Here are a few examples:

  • Tell me about the last time you broke the rules to serve a customer in need (judgment)
  • Give an example of how you went beyond the call of duty to assist a co-worker (teamwork)
  • Tell me a time that you’ve worked with an extremely difficult co-worker, and how you handled it? (adaptability)
  • Tell me about a time you tried something new or took on additional responsibility when there was no guarantee for success. (willingness to take risks)

As for assessments, Miller states that there are many options available, but she cautions leaders not to solely rely on them; rather use them as part of a suite of tools and techniques during the hiring process. She also points out that there are legal ramifications of using assessments during the hiring process and recommends that before using any assessments, employers check with their attorney.

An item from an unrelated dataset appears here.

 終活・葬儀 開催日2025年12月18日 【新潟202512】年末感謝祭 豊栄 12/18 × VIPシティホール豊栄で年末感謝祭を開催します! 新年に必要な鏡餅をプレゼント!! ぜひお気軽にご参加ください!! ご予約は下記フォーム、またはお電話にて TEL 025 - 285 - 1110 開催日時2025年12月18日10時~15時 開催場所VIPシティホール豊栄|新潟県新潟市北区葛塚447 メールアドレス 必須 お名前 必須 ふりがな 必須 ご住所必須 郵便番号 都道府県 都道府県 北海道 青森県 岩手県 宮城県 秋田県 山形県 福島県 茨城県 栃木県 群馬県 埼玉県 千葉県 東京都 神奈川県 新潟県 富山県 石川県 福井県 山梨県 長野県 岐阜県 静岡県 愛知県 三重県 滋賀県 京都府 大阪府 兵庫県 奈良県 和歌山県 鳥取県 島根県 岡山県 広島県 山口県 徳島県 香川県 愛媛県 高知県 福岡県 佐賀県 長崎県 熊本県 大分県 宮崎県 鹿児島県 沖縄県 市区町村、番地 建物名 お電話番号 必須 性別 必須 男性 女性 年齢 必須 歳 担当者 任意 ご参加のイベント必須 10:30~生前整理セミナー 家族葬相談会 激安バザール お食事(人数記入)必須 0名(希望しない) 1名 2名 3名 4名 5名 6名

If crafted properly, behavioral questions can provide a glimpse into a candidate's decision making process as well as their values. Miller believes that a great majority of employees fail in a company because their soft skills and values don't match those of their manager and company. Having a well defined hiring process that includes meaningful behavioral questions can aid in the selection of top talent and help to increase retention rates.

Attitude should be a key criteria when considering candidates to bring on board. In the scenario above, some may argue that Charlie’s abilities are superior to Ashton. That may be a fair assessment.  Ashton may need to improve his skills, but with what appears to be a positive attitude, Ashton has done quite well with his career and with more experience (and good attitude) he should only get better.  Charlie, on the other hand, well just look where his attitude got him.

Views: 307

Comment by Jon Prete on June 3, 2011 at 4:32pm
Right on!
Comment by Valentino Martinez on June 5, 2011 at 5:17pm

Attitude is important but can be misleading if there is no track record of accomplishments.

 

If a positive attitude begets value added accomplishments, and those accomplishments beget more of the same attitude--then you have something.  Otherwise, attitude can be nothing more than..."A tale...full of sound and fury; signifying nothing". (Macbeth-W.S.)

 

However, comparing Charlie vs. Ashton--Charlie wins overall based on his work attitude and his record of accomplishments.  Charlie's foibles are a bit of arrogance mixed with entertainment- -these guys and gals do entertain for a living, e.g,  joaquin phoenix and his "rap" phase

By the way what has Ashton accomplished besides a tired TV "70s series; a few movies that quickly went to video; he married a mother figure; and plays pranks on other celebs who appreciate an additional 15min of "deer in the headlights" notoriety?  

Charlie had a good run replacing Michael J. Fox in Spin City; had a mega "HIT" TV series in Two and a Half Men and has acted in a number of cult classics like:  Wall Street; Hot Shots! & Hot Shots! Part Deux ; Platoon; Young Guns; Navy Seals,:and Major League to name a few.

Comment by Jon Prete on June 6, 2011 at 8:15am
Good points, but I guess the point I'm trying to make is, as successful as Charlie is/was, his attitutde stinks and I'm sure the people he worked for were made to feel very uncomfortable. If that's the work environment you want to foster, so be it. I was just responding to a survey that states the majority of employers (in the UK) would hire attitude over skills. The scenario with Charlie and Ashton was merely a question asking: if you had to choose between a "star" with great talent or someone with less experience and achievements -- but capable and willing to take on new challenges with a positive attitude -- who would you pick?